My journey from interchangeably using relatively large metal parts to smaller ones is a path that was driven by my passion for movement and the desire to shift from the mechanical rigidity of it to a smoother and more functional movement that would better suit the work.
Please take us through the process of creating each work, from inspiration to conceptualisation and technique.
I begin by thinking about a story or subject and then design its characters and turn them into strips of iron and steel sheets which mutate through formation to the moving figures. By engaging the recipient within the work of art there is either a source movement or voice or light or all of them in one.
How do you source your materials? Do their origins, history, or an inclination towards environmental sustainability influence your selection?
It actually came very organically. I’ve had and still do maintain a long and challenging relationship with iron. I began my experimentation and implementation stage when I was obtaining my doctorate degree. That was when I started using gears, engines, and motors, which then required some welds. From time to time, I do employ some other raw materials such as wood, marble, and tile; however, iron and steel remain the champion mediums within my work.
You have participated in several major art exhibitions and events, including the Venice Biennale in 2010, and the Peking Biennale in 2017. With the growing proliferation of art fairs and biennales focusing on art from the continent, what is your opinion on the heightened focus on commercialism?
I find that my participations in the Venice and Peking Biennales are among my most important ones. I was pleased and honoured having the National Museum of Beijing acquire my work for its permanent collection. African art is a legacy of ancient history connected to various aspects of human experiences. Many of the world’s artists have benefited from it throughout the history of the arts, and it’s vital for galleries, museums, and institutions to be attentive towards it.
You work in various scales—small works that include multiple intricate pieces and large, often life-size installations of metal parts. How does scale imbue additional meaning to your work?
I began my journey of producing larger works to fulfil my interests in group exhibitions and biennales; however, when I started presenting my work at Ubuntu Art Gallery, I had to minimise the size of my work to better suit its presentation and adjust to the gallery’s dimensions. This stage gave me so much satisfaction. Before, it would usually take me six months to a year to complete one piece, but when I started playing around with smaller sizes, it could be done in three weeks to a month, giving me greater opportunity for experimentation and enjoyment of the whole process. But now, the work and its concept are the main drive in choosing the size.
In October 2018, you presented a solo, There Is Still Time to Play, at Ubuntu Gallery in Cairo, Egypt. Please tell us about the show, what you hoped to convey to the public through its theme, and the reception it received.
My exhibition at Ubuntu Art Gallery last October confirmed my vision of making the concept of play a means of expression through which I received people’s interactions with the work. It was the viewer’s call to break the barrier between him and the work of art.
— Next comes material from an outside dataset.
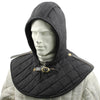 Made from 100% heavy cotton, padded with three layers of wool felt and lined with cotton to add life to the garment, this Cotton Padded Collar Armor And Cap provides protection for both the face, neck and shoulder area. Designed to provide full comfort and freedom of movement, a front buckle makes the collar easy to be worn and taken off while a high collar adds to the protection. It also comes with leather straps, with which it can be reinforced. Padded garments are worn underneath metal and chain mail armor to improve the absorption of impact and reinforce coverage. In medieval times, padding would be stuffed with rags and straw but this armor padding is made of 100% cotton and uses compressed and layered cotton padding.

I was extremely pleased with the reception, people’s reactions, and the attention from critics. The collection included a set of fixed and interactive works all in different sizes, which took two years to prepare. The interaction in this collection of work comes on several levels. The first level is the dynamic interaction of the work and its relationship with the viewer. On another level is the relationship of the works with each other. You’ll find a lot of binaries in terms of what is connected and separate in the collection: a boy and a girl on the swing; the mother and her child; the child and the bird on the swing; the dog; the butterfly and the car, and others.